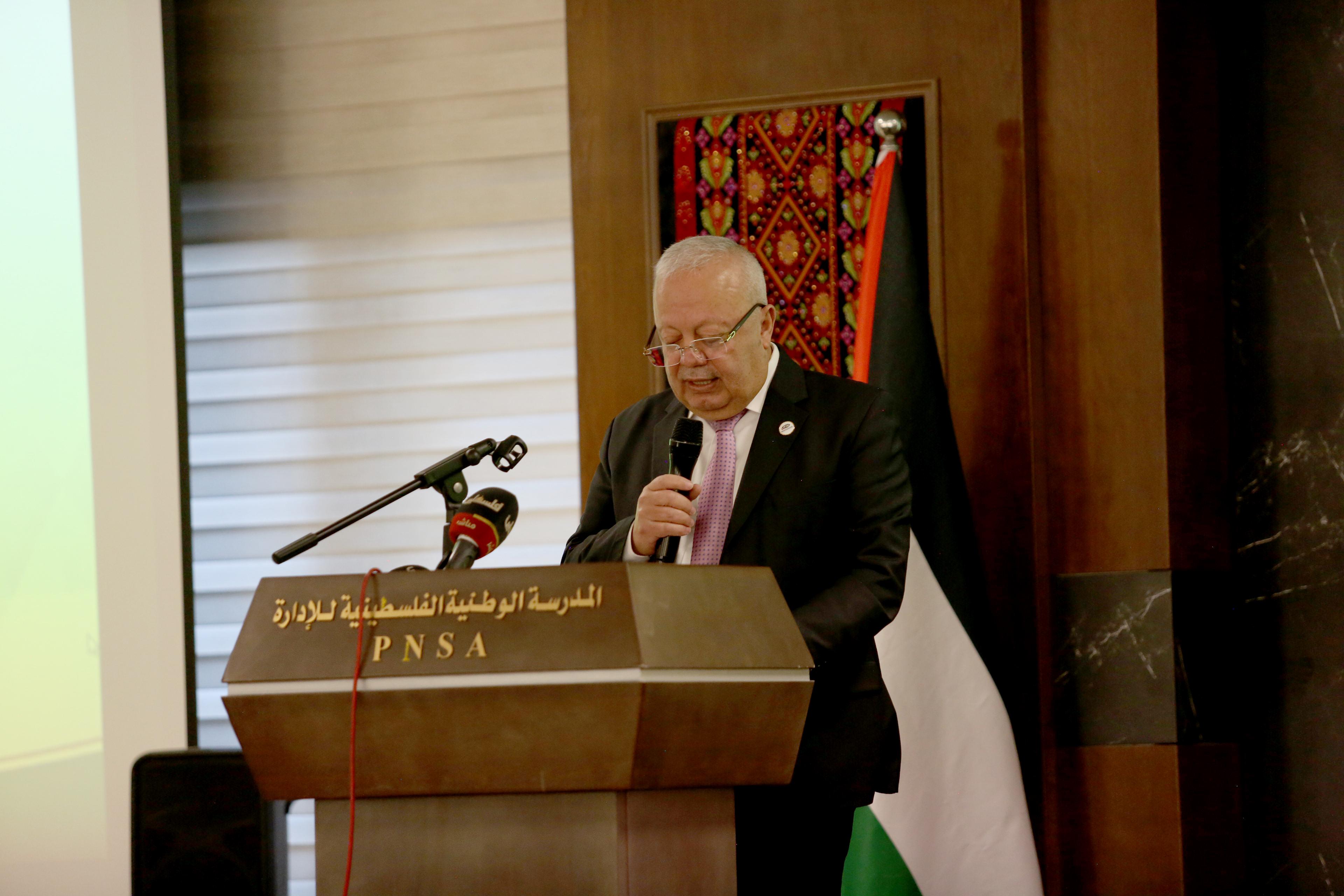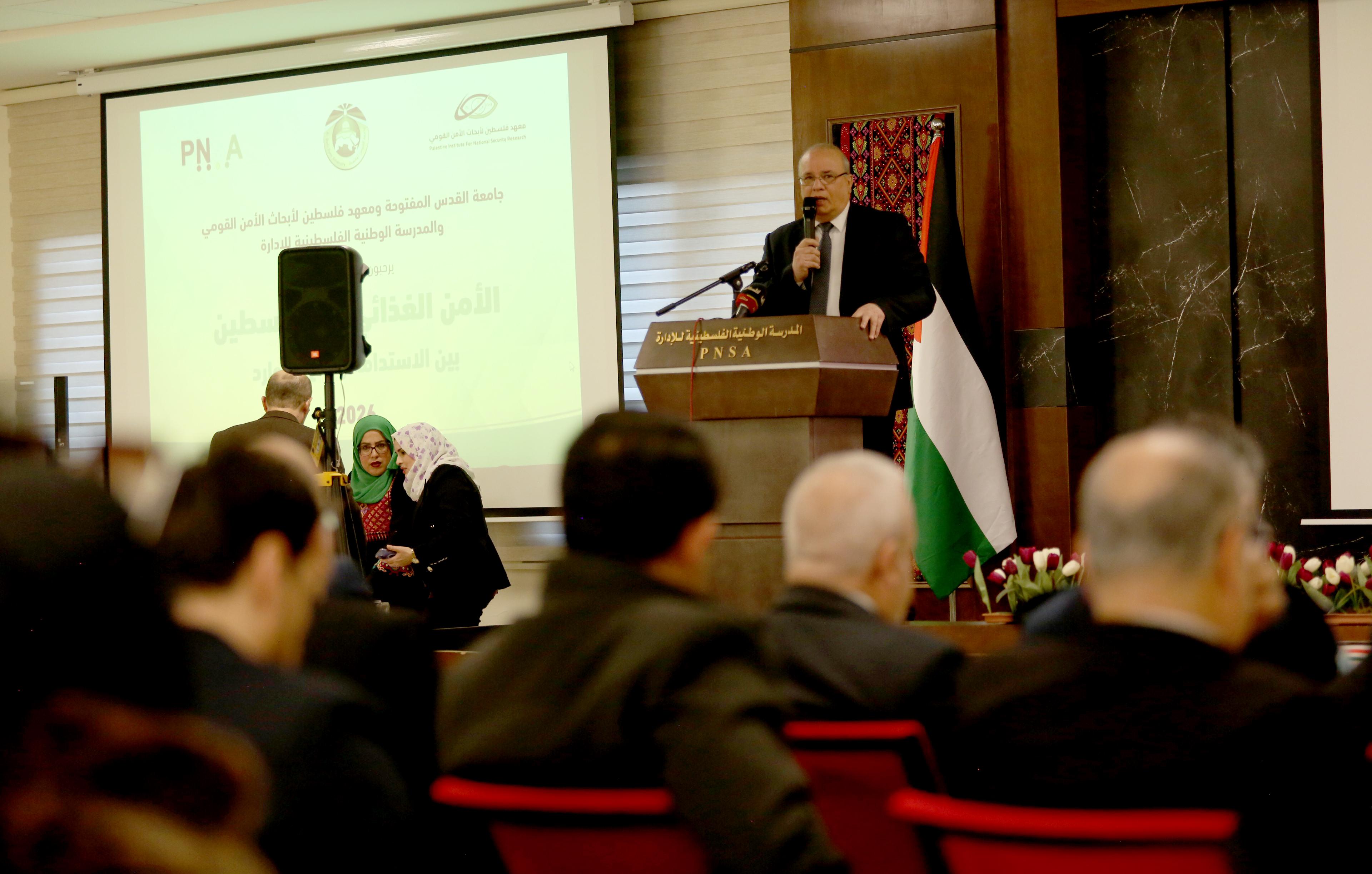 وقال رئيس مجلس إدارة المدرسة الوطنية الفلسطينية للإدارة، الوزير موسى أبو زيد، الذي أكد أن الأمن الغذائي ليس خياراً بل أولوية قصوى ويجب أن يكون على رأس أولويات أجندة الحكومة والقطاع الخاص. وأضاف أن فلسطين تواجه سياقاً وطنياً بالغ التعقيد، حيث تتقاطع الأزمات السياسية والاقتصادية والبيئية، ما يضع الأمن الغذائي في صدارة معادلة الصمود الوطني، مشيراً إلى أن الأمن الغذائي قضية أمن قومي بامتياز لأنها ترتبط مباشرة بالأرض والمياه والإنسان والقرار السيادي.
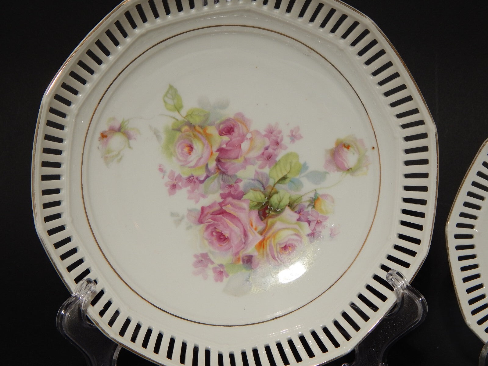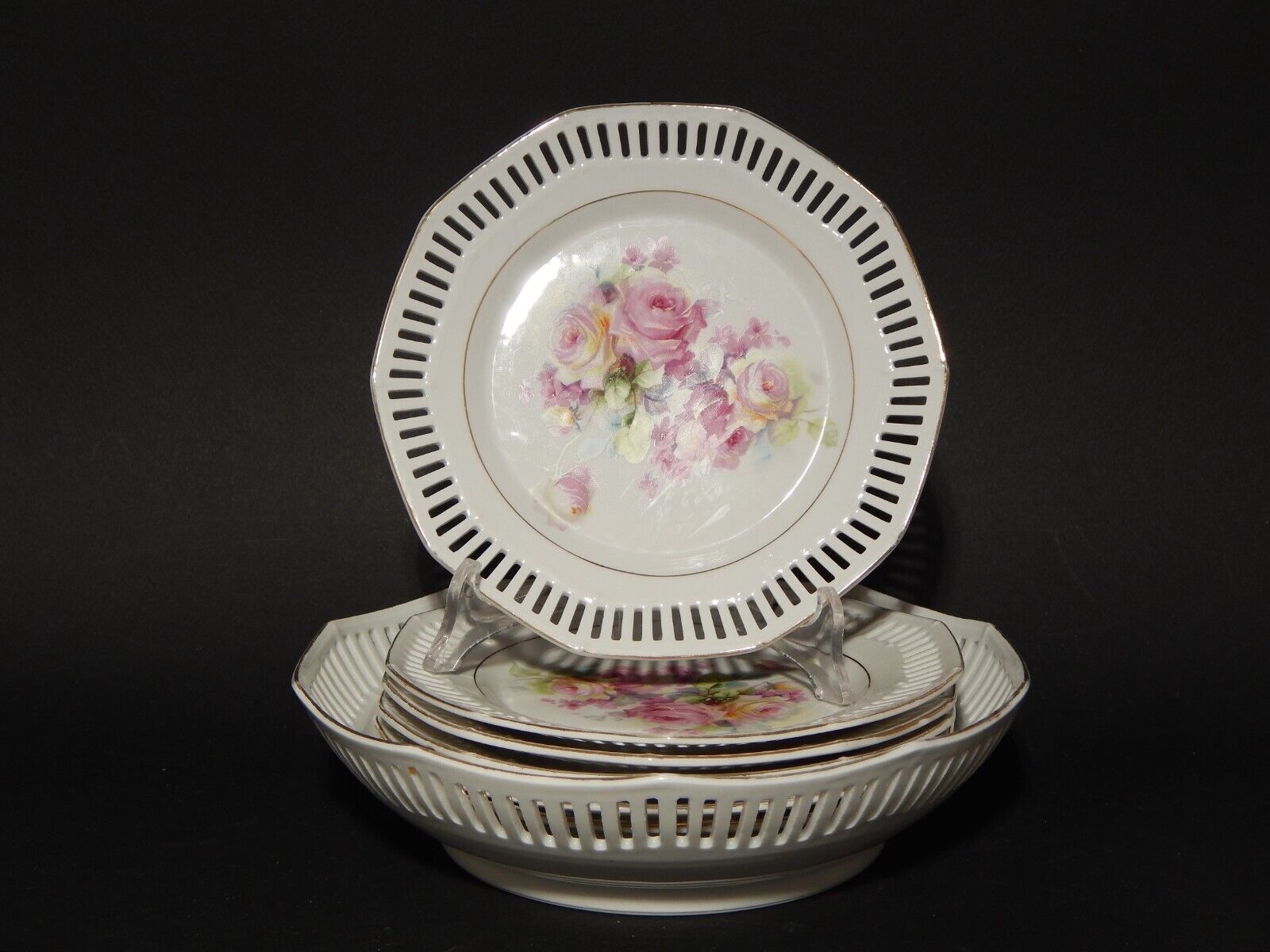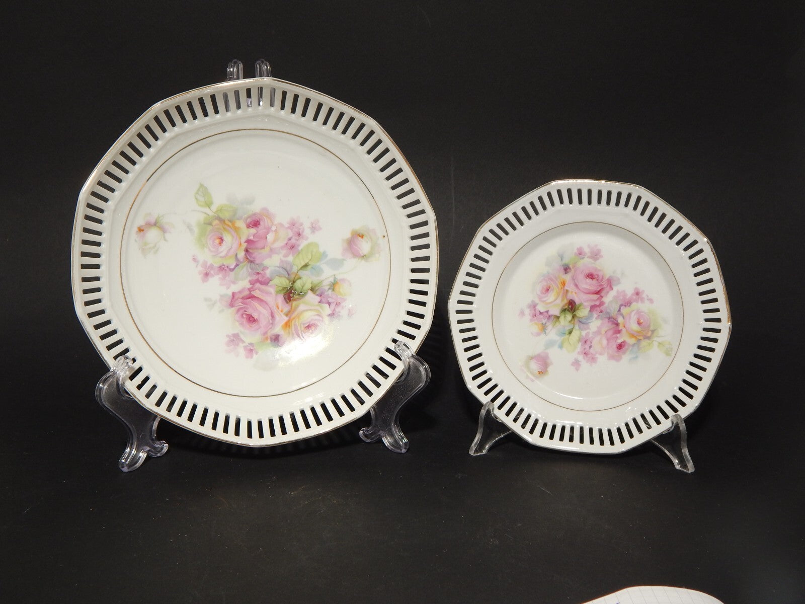 SCHUMANN BAVARIA PREZIOSO SERVIZIO DA DOLCE PORCELLANA TRAFORATA 1930 LE ROSE
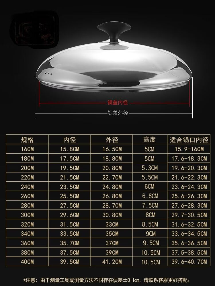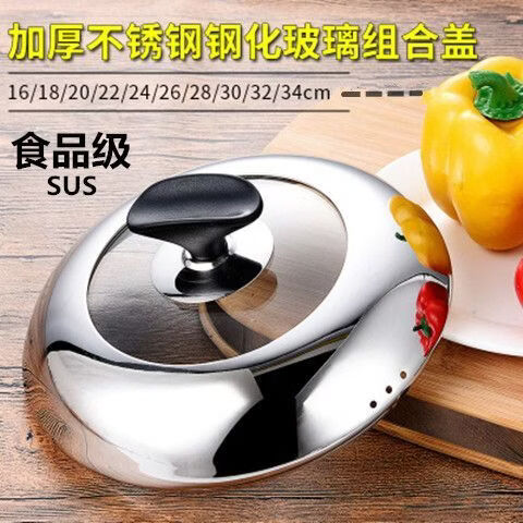 Pot lid round universal lid flat bottom large pot lid stainless steel pot lid wok lid 16-40cm 30Specifications thickened luxury stand-up style
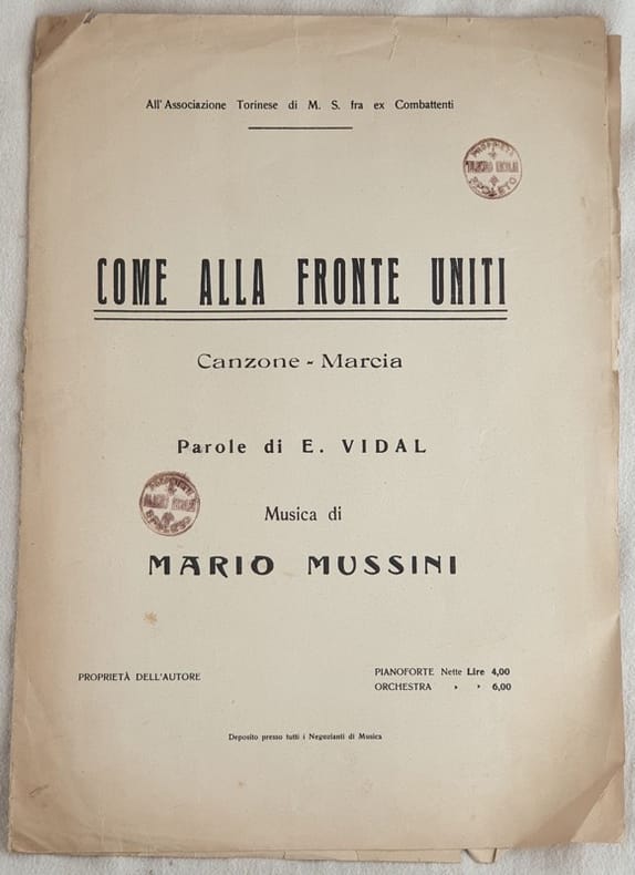 Spartito per pianoforte "Come alla fronte uniti" senza data ma degli anni '30 del compositore Mario Mussini. Dedicato all'Associazione torinese di M. S. fra ex combattenti. Parole di E. Vidal. Buone condizioni, qualche fioritura e piccolo strappo. In folio. cm 35,5x25,5. pp. 3. Musical score for piano "Come alla fronte uniti" of 1930's by the composer Mario Mussini. Dedicated to Associazione torinese di M. S. fra ex combattenti. Words by E. Vidal. Good conditions, some foxings and little tear. In folio. cm 35,5x25,5. pp. 3.
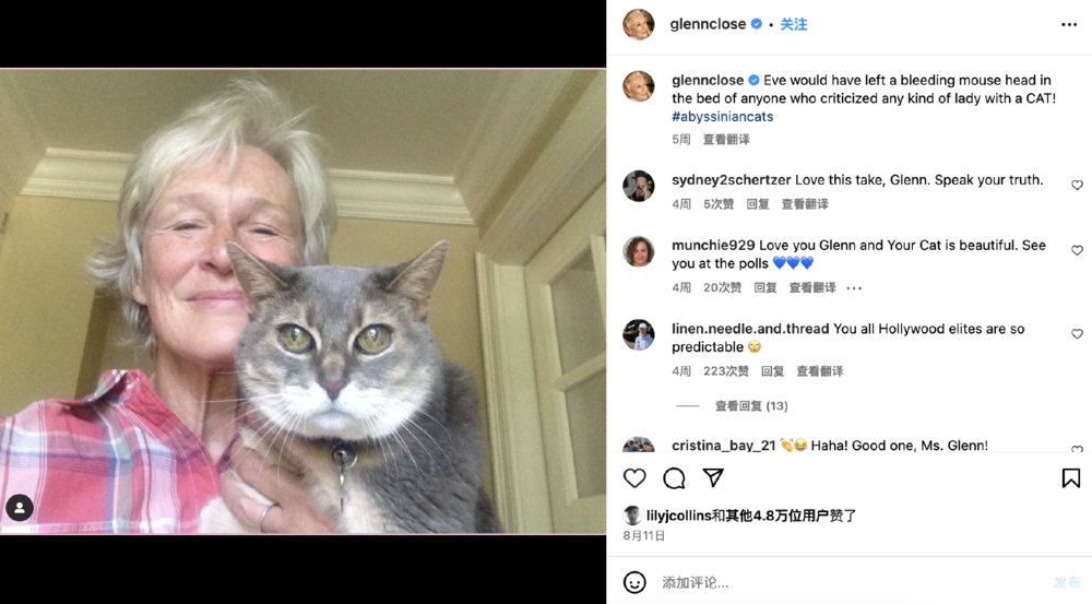 更戏剧化的,是饰演万斯外婆的演员格伦·克洛斯,如今也讽刺万斯的“猫女言论”。老太太在自己的ins上发布了一张抱着猫的照片,并配文:“如果有人批评养猫的女士,夏娃就会在他的床上留下一个流血的老鼠头!”
- - -
- TASK STATEMENT
Within the material above, find the part that opens with the line containing "SCHUMANN BAVARIA PREZIOSO" and closes with the line containing "Pot lid round", and reproduce it exactly without the pictures.

- EXERCISE RESULT
 SCHUMANN BAVARIA PREZIOSO SERVIZIO DA DOLCE PORCELLANA TRAFORATA 1930 LE ROSE
 Pot lid round universal lid flat bottom large pot lid stainless steel pot lid wok lid 16-40cm 30Specifications thickened luxury stand-up style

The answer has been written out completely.